I've got an ArrayList<String> and want to add to a string already in it, but not replace it. Is this possible without myArrayList.set(index, myArrayList.get(index) + "myString");? From my understanding, myArrayList.get(index) += "myString"; does not work because it is read-only.

Was it helpful?

Solution

The statement myArrayList.get(index) += "myString"; does not work because you are never storing it back in arraylist. Due to immutability of strings, your new string is created but it is not referred.
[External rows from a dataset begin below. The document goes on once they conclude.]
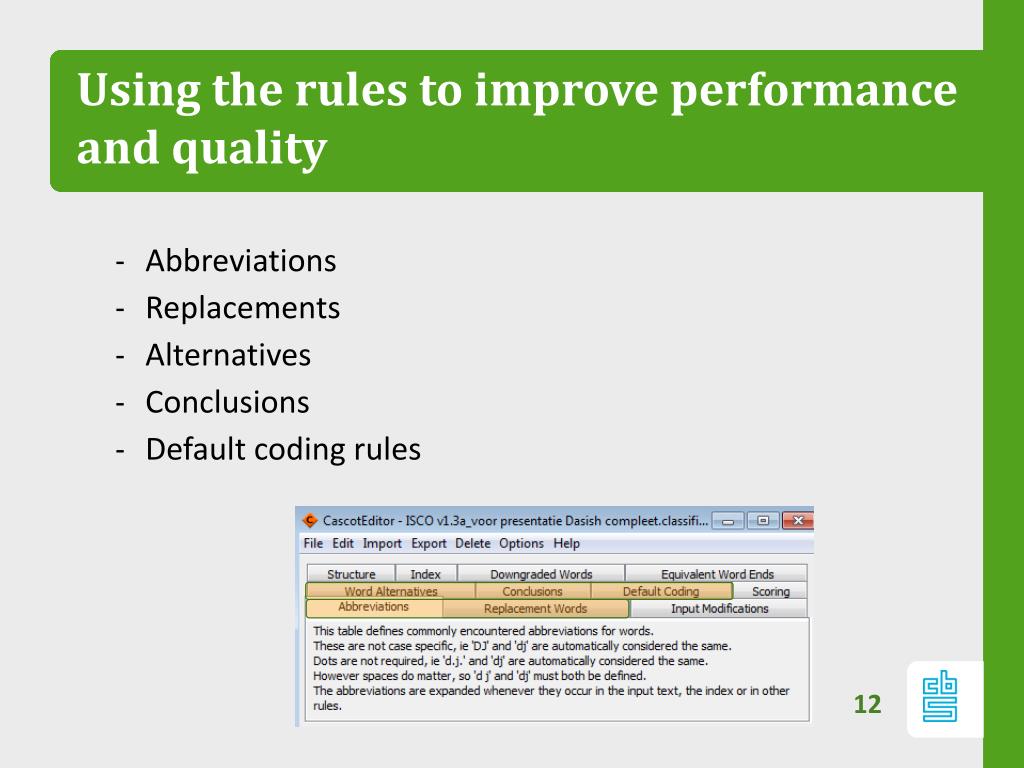 Using the rules to improve performance and quality • Abbreviations • Replacements • Alternatives • Conclusions • Default codingrules
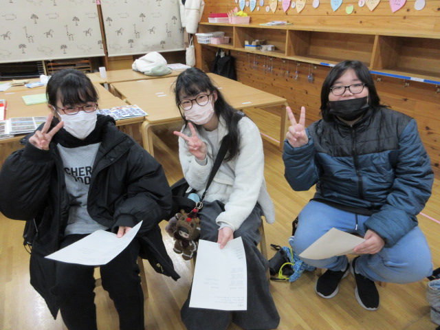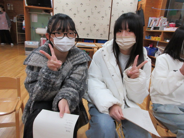 年長時のクラスに集合し、久しぶりのクラス会。
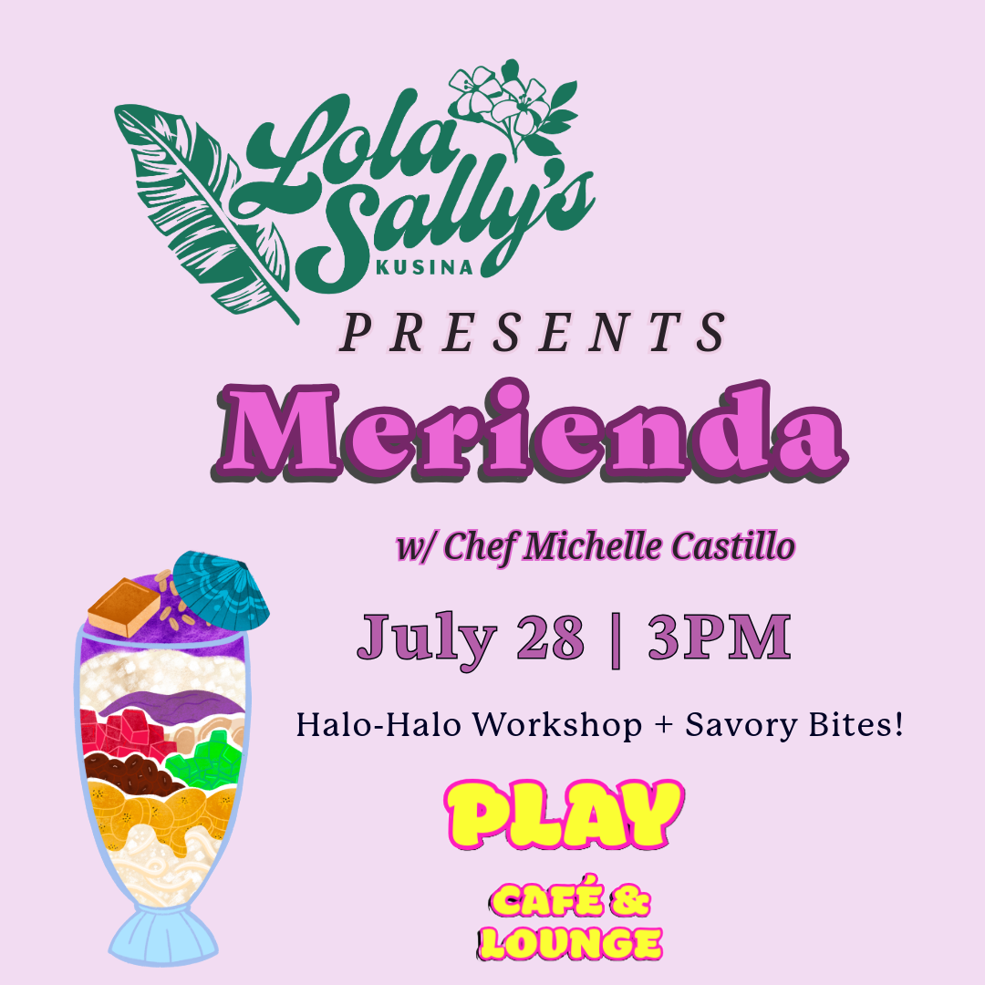 Join local chef-owner & artist Michelle Castillo of Lola Sally's Kusina for Merienda on Sunday, July 28th at 3 PM inside of Play Lounge & Cafe!
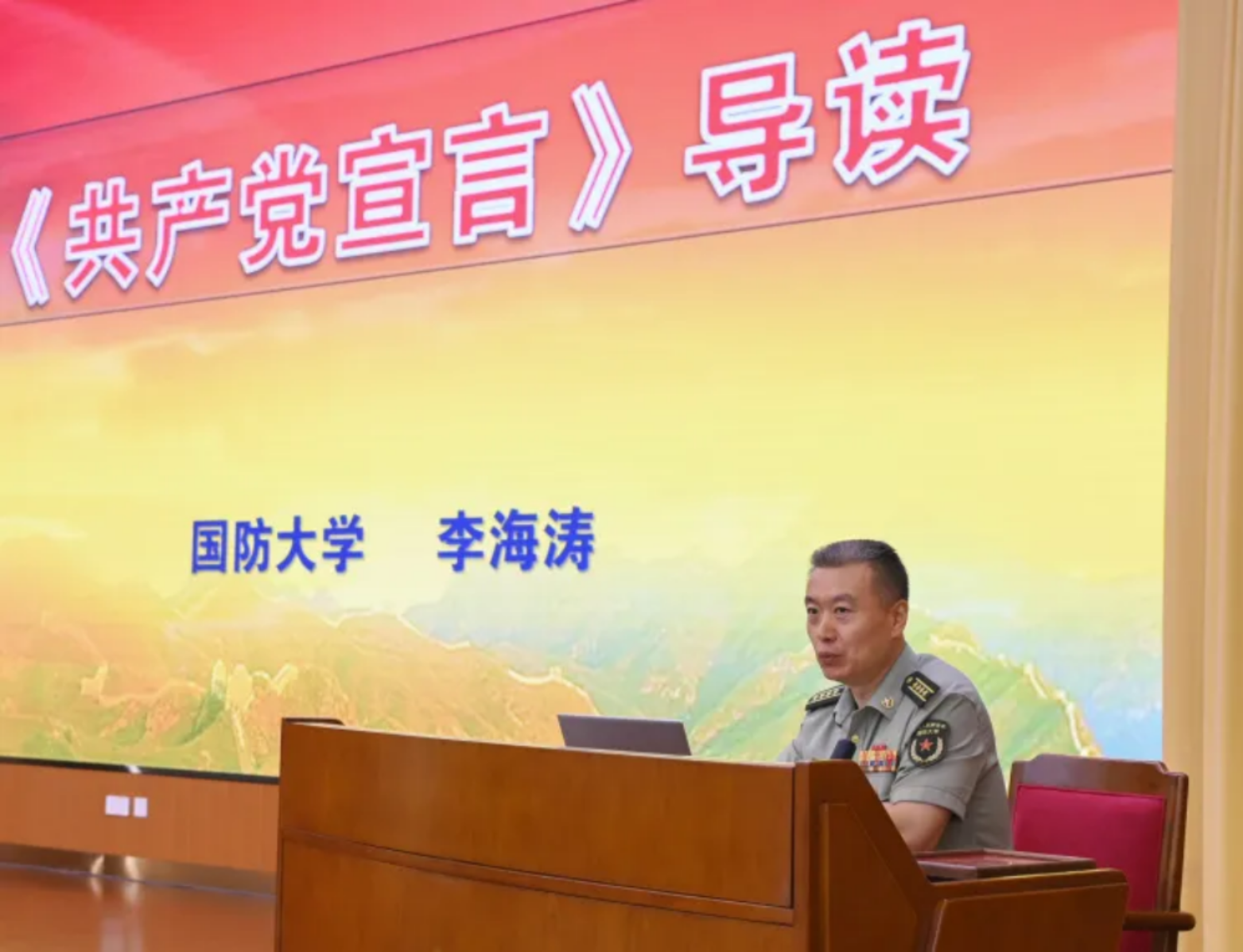 在中国共产党成立104周年之际,7月1日上午,学校举行“七一”主题党日集中党课辅导,邀请国防大学国家安全学院副院长、教授李海涛作《共产党宣言》专题导读。学校政委陈国强出席,并为李海涛颁发思政课指导专家荣誉证。
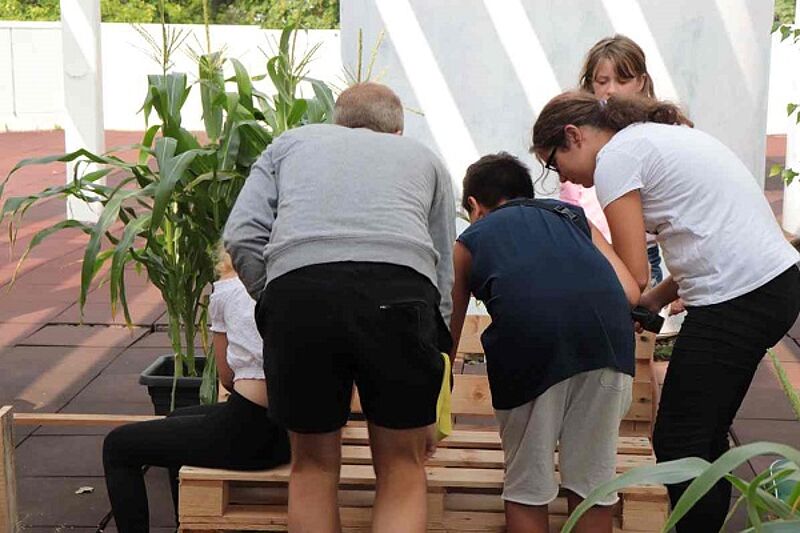 Projekt „Kommunikationsgarten“: Auf dem Dach der Jugendfreizeitstätte in der Hussitenstraße 62 gestalten Kinder und Jugendliche ihre eigene Wohlfühloase.
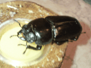 割り出し後:800ccボトルにきのこMatを詰めほったらかし飼育。11月上旬:黒くなってきたので交換、余っていたBasicを1100に詰め、菌が回った後投入。温室へ。3月下旬:温室の隅に置きっぱなしで、見たときには菌糸はもう真っ黒だった。死んでいるのかと思ったら57mmの成虫が出てきた。
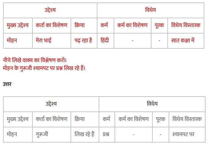 किसी भी वाक्य के दो अंग होते हैं – उद्देश्य और विधेय। वाक्य का विशलेषण करने में इन दोनों खंडों और अंगों को पहचानना होता है।
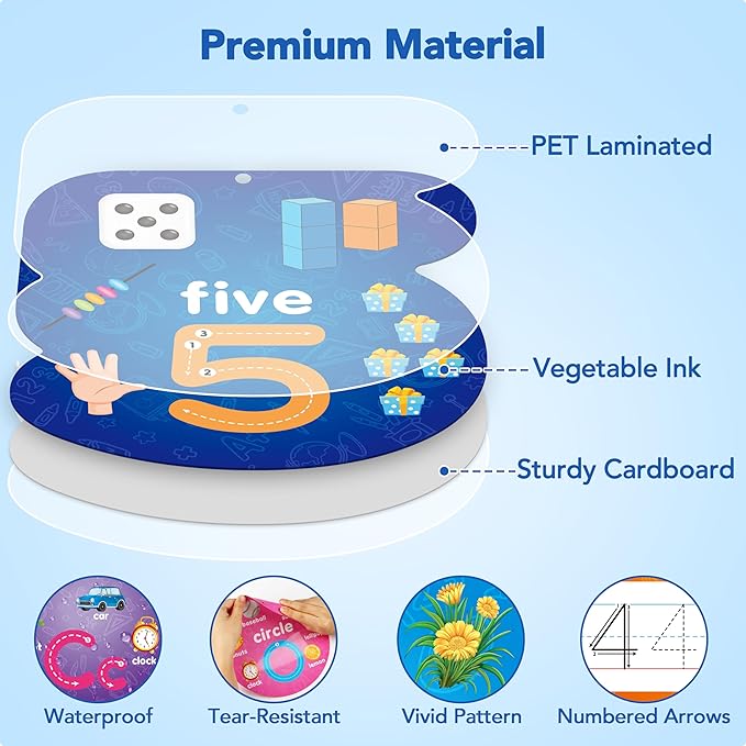 - Premium Material - Made of sturdy cardboard, tear-resistant. Printed with vegetable ink, vibrant and clear. Double sides are PET laminated, waterproof, dry erase and reusable. Smooth edges, burrs-free, safe for kids' little hands. Each cards measures about 8 x 9 inches.

Hence you don't find it reflected in arraylist element.

Personally, I would have chosen the first way.

OTHER TIPS

Strings in java are immutable. The involvement of an ArrayList is irrelevant to the issue. You could use an ArrayList< StringBuilder > for your use case, I guess.

myArray.get( i ).append( "foo" );

String is a immutable class ,so you can not do it , if you add an element ,you can call myArrayList.add(element) or myArrayList.add(index, element)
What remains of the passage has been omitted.